(Data provided)
= = = = = = =

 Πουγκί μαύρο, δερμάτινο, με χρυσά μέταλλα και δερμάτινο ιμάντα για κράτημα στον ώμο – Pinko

= = = = = = =

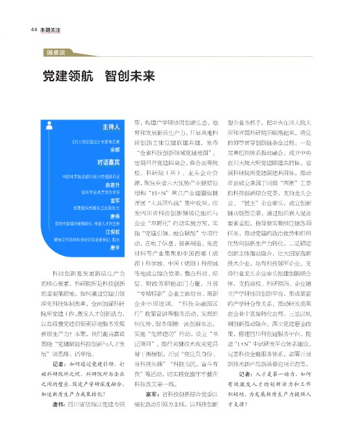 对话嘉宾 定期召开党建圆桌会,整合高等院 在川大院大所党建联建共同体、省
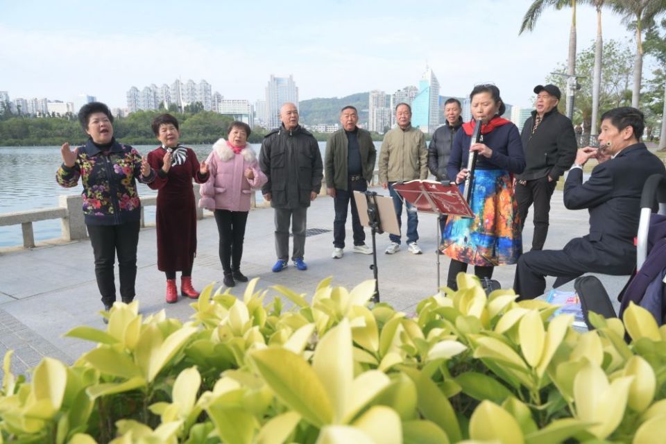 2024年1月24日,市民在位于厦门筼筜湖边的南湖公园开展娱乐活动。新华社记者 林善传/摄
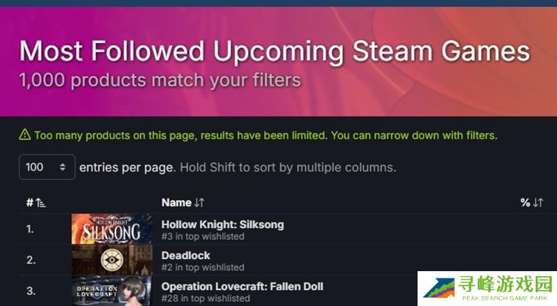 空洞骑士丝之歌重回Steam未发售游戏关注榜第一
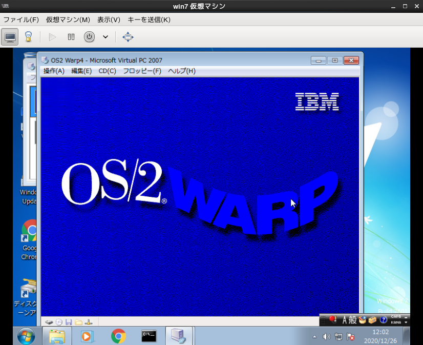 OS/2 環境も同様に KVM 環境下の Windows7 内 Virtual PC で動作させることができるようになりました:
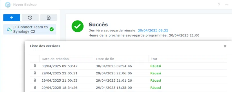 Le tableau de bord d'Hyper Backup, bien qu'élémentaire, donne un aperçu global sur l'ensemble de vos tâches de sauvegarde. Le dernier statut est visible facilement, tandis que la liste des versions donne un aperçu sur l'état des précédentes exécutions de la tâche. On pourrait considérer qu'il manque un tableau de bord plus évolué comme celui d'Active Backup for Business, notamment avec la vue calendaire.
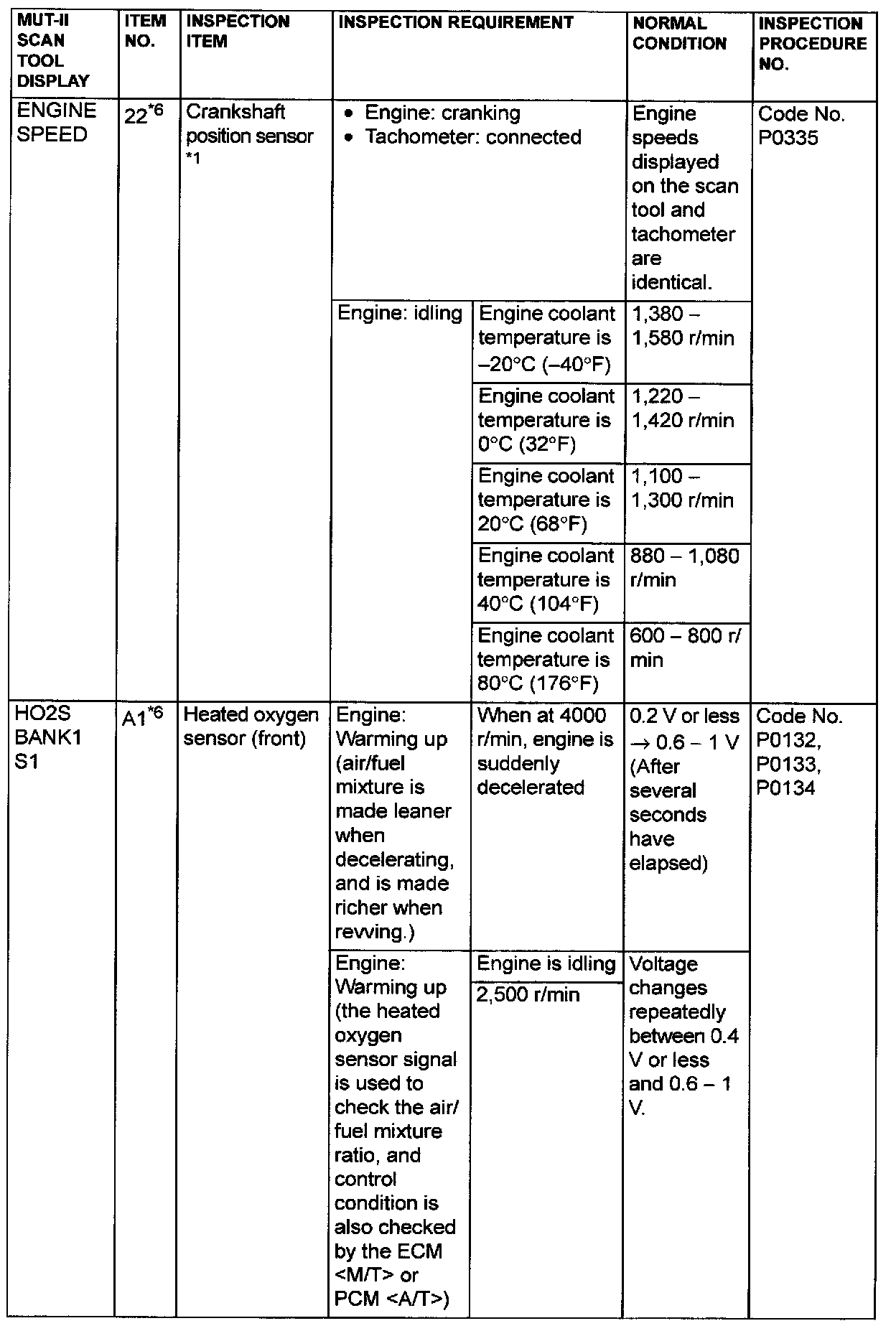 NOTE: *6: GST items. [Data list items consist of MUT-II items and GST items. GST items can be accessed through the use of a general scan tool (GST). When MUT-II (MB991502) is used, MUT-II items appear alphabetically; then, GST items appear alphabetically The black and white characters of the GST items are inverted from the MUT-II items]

= = = = = = =

Give back exactly, and solely, the section of the data above bounded by the line containing "2024年1月24日,市民在" and the line containing "OS/2 環境も同様に KVM", both bounding lines included and pictures omitted.

 2024年1月24日,市民在位于厦门筼筜湖边的南湖公园开展娱乐活动。新华社记者 林善传/摄
 空洞骑士丝之歌重回Steam未发售游戏关注榜第一
 OS/2 環境も同様に KVM 環境下の Windows7 内 Virtual PC で動作させることができるようになりました:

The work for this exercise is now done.